Island Roads is expected to build retaining walls in three areas on Centerline Road sometime after the holiday season.
More than three years after being initially damaged, repair work is slated to begin on Centerline Road — the sole road connecting Cruz Bay and Coral Bay — the first week of January, according to a prepared statement issued on Wednesday evening, December 19, by Government House.
Last week Island Roads was granted a Notice to Proceed on the project following Governor John deJongh’s signing of a contract between Island Roads Corporation and the government at the end of November, according to the press release.
“Last week, Island Roads Corporation was granted a Notice to Proceed on the project that will construct retaining walls on three of the most damaged locations along Centerline Road,” according to the release. “Island Roads is expected to mobilize immediately after the holiday season, with work set to begin during the first week in January.”
“The project is slated to take nine months to complete at a cost of just over $1 million dollars and it includes rebuilding the edge of the road and reconstructing major sections of the roadway washed out in the tropical storm all along Centerline Road,” according to the prepared statement from Government House.
Several sections of Centerline Road and at least one section of Fish Bay Road were damaged in October 2010 during heavy rains during Tropical Storm Otto. In the initial wake of the damage, Department of Public Works crews on St. John placed orange cones near the most heavily damaged sections of both roads.
Two years of no repairs on the roadways were blamed on the lengthy and painstaking process of applying for Federal Highway Administration funds. FHA finally signed off on the project in January 2012, according to the press release issued by Government House last week.
“The efforts to bring significant improvements to Centerline Road date back almost two years to January 2012 when the Federal Highway Administration granted its initial approval for the reconstruction of the damaged sections of the roadway, explained Department of Public Works Commissioner Darryl Smalls,” according to the Government House press release. “Several administrative procedures were required to satisfy the use of federal dollars provided.”
In the meantime, heavy rains in May 2013 sent a section of Centerline Road near the Estate Upper Carolina subdivision tumbling down the Carolina Valley hillside. Since then, the partially blind corner has been passable only in one lane.
In July DPW officials installed signage and speed bumps on either side of the compromised roadway and erected a berm around the crumbling section of Centerline Road.
Meanwhile, Property and Procurement was finally ready to advertise for bids in June, according to the Government House press release.
“In June, the Department of Property and Procurement advertised for bids, bids were received a month later, evaluated and Island Roads was selected as the contractor in August,” according to the prepared statement. “By November, the Federal Highway Administration had concurred with the contractor selection process and granted its final go ahead for the project.”

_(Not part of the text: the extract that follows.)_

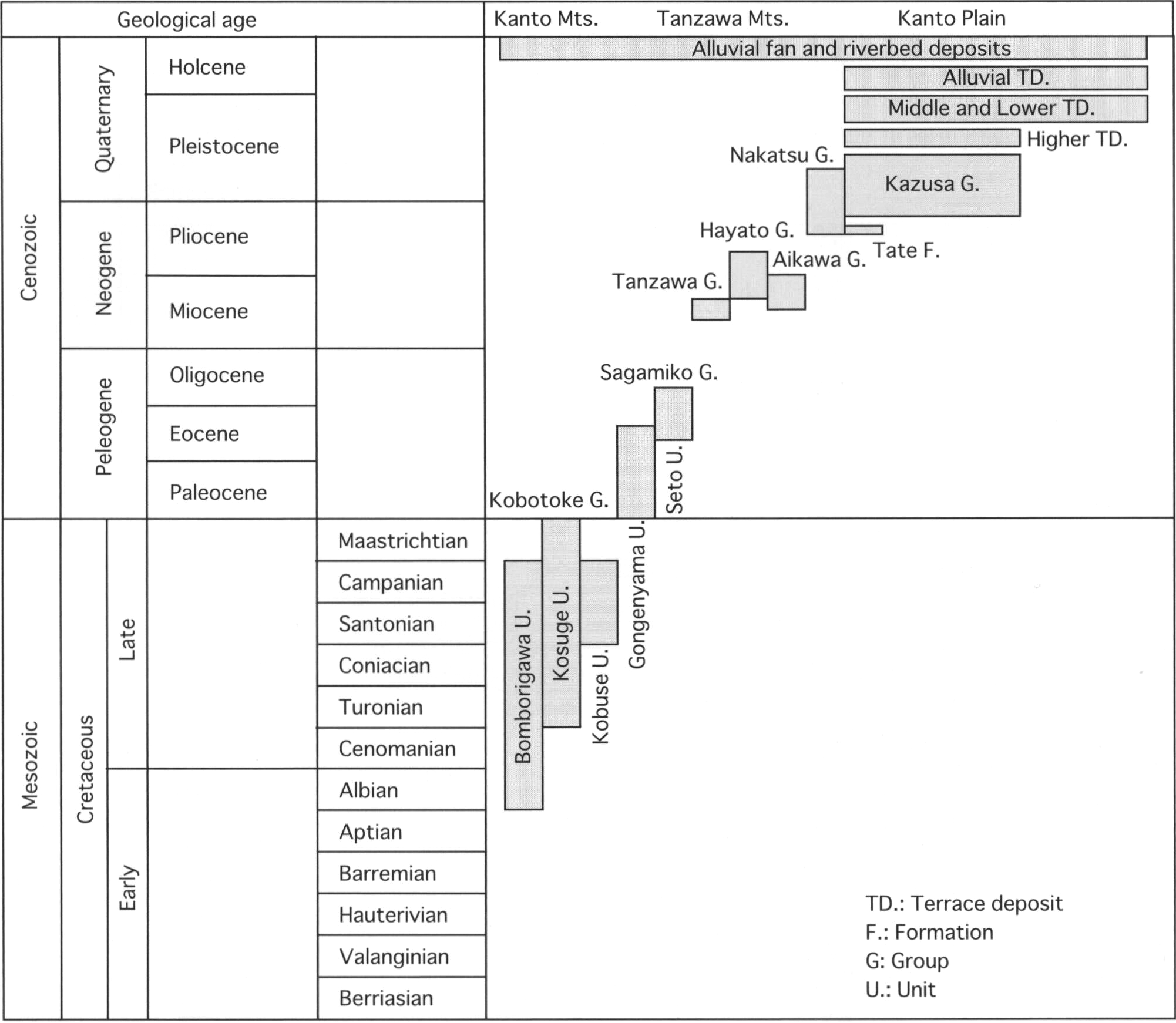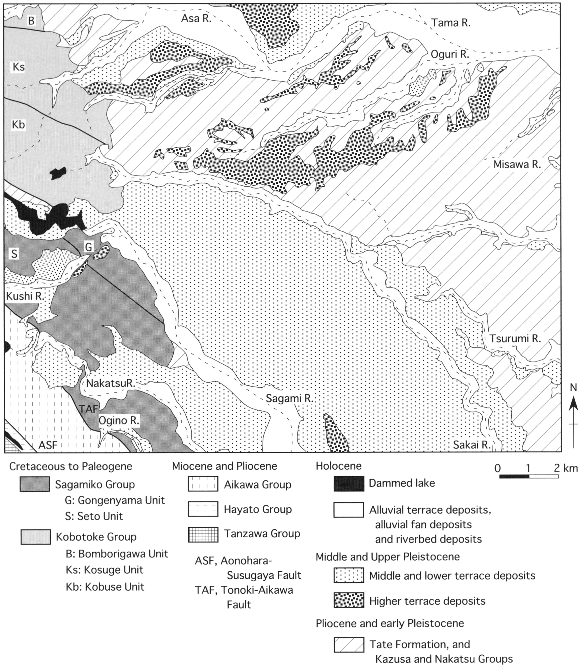Pliocene and Early Pleistocene sediments in the Hachiōji District are exposed in the western margin hills of the Kantō Plain and the uplands along the middle reach of the Sagami and the Nakatsu Rivers. The marine Tate Formation is distributed in the westernmost of the Tama Hills, unconformably overlain by the Kazusa Group. The Kazusa Group is divided into fourteen formations that underlie the Tama, Ongata, Motohachiōji, Funeda and Kasumi Hills. The Terada, Oyabe, Hirayama, Oyamada, Renokoji, Inagi and Dedana Formations in the western Tama Hills are eustasy-influenced marine and fluvial sequences, while the Tsurukawa, Kakio and Ozenji Formations are shallow marine silici-clastic sequences in the central Tama Hills. The Ongata and Motohachioji Formations in the Ongata, Motohachiōji and Funeda Hills are gravelly deposits of tributary and trunk streams. The Nakatsu Group, exposed along the terrace risers, is made of shallow and deep marine sediments divided into the Kosawa, Kanzawa, Shimizu, Otsuka and Shioda Formations.

Sometime during the three year process of completing the FHA application, the Fish Bay Road section seems to have been scrapped from the overall project. Last week’s press release from Government House did not mention Fish Bay Road, address when the funding was approved by FHA, or mention a bill appropriating $500,000 from St. John Capital Improvement Fund to DPW for Centerline Road repairs, which deJongh signed last month.
The prepared statement did quote the governor expressing his relief at getting started on the project.
“This roadway damage was caused by Tropical Storm Otto and I am relieved that we can commence this project to ease the challenges faced by motorists on a regular basis along this well-traveled roadway,” deJongh was quoted in the press release.
DPW Commissioner Smalls said in the release that he understood residents’ frustration with the lengthy process of beginning road repairs.
“I appreciate the patience of the St. John community, and understand their frustration for the time it has taken us to reach this point,” Smalls was quoted in the Government House press release. “But this reconstruction period will allow the contractor to mobilize his crews and carry out the work as effectively and efficiently as possible and return Centerline Road to a level of functionality that is safe for pedestrians and motorists alike.”
Several St. John residents, however, weren’t ready last week to believe that repairs will actually begin next month.
“This is not the first time that we’ve heard of a promised starting date for repairs to Centerline Road,” said one resident who asked to not be named. “They were supposed to start work in September and then in October. Now they say in January.”
“We’ll just have to see,” said the resident.